DSÖ’den Maymun Çiçeği Eşcinsellerde Görülüyor Tuzağı!
03 Eyl 2024
- Paylaş:
DSÖ'nün "Maymun çiçeği hastalığı eşcinsellerde daha yaygın görülüyor" açıklamasına ne kadar sevinirdiniz?
Bu soruya hemen cevap vermeyin!
Oyuna gelmemek için makalemizi okuduktan sonra iyi düşünerek cevabınızı vermenizi tavsiye ederiz...

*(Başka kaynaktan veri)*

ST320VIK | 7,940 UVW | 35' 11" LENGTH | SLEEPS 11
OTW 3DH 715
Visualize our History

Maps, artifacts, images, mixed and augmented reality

Öyleyse başlayalım doğru cevapları aramaya
Masa üstü tatbikatlarla planlanmış küresel sağlık krizleri, insanlık için ciddi tehditler oluşturarak endişe ve korkulara sebep olmaktadır. Dünya nüfusunu azaltmayı misyon edinmiş Dünya Sağlık Örgütü’nün (DSÖ) mpox (eski adıyla maymun çiçeği) salgınına yönelik acil durum ilanı, bu tür krizlerin nasıl yönetildiğine dair önemli soruları gündeme getirmektedir.

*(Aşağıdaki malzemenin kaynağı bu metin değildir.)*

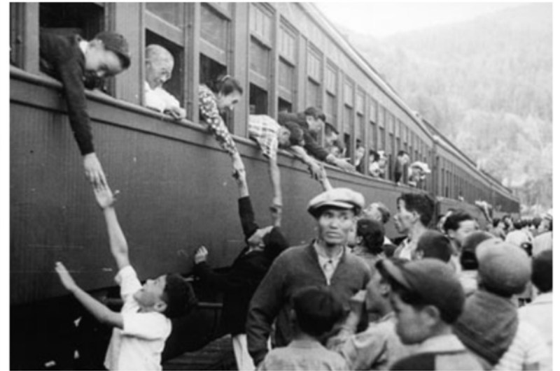
Japanese Canadians being relocated to internment camps during World War II. Today, we recognize that Canada's actions are not morally defensible, and the government has officially apologized and made reparations. Library and Archives Canada / C-057250

Are we condemned to repeat the past? Or could we learn something from X?

Küresel Sağlık Tehditlerini Kim Organize Ediyor?
Küresel sağlık tehditleri, yalnızca olmayan hastalıkların yaydırılmasıyla sınırlı kalmayıp, aynı zamanda toplumsal yapıları ve ekonomik dengeleri de sarsmaktadır. Mpox sözde salgınının, özellikle “erkeklerle seks yapan erkekler” (MSM) arasında yoğunlaştığının iddia edilmesinin arkasındaki karanlık plan, LGBT’nin araç olarak kullanılarak tüm insanlığın hedef alınmış olmasıdır aslında… Bu durum, küresel elitlerin sağlık politikalarını yanılgısal stratejilerle insanlık aleyhine nasıl şekillendirdiğini açıkça ortaya koymaktadır.
DSÖ’nün Acil Durum İlanı ve Sözde Bilimsel Temelleri…
DSÖ Genel Direktörü Dr. Tedros mpox için Uluslararası Öneme Sahip Halk Sağlığı Acil Durumu (PHEIC) ilanı, bilimsel verilerin ve metodolojilerin geçerliliği konusunda yeni sorgulamalara kapı açmıştır. İstedikleri sonucu çıkarmak üzerinde oynama istismarına açık PCR testleri ve yanlı örnekleme yöntemleri, bu kararların bilimsel temellerini sorgulatan unsurlardır.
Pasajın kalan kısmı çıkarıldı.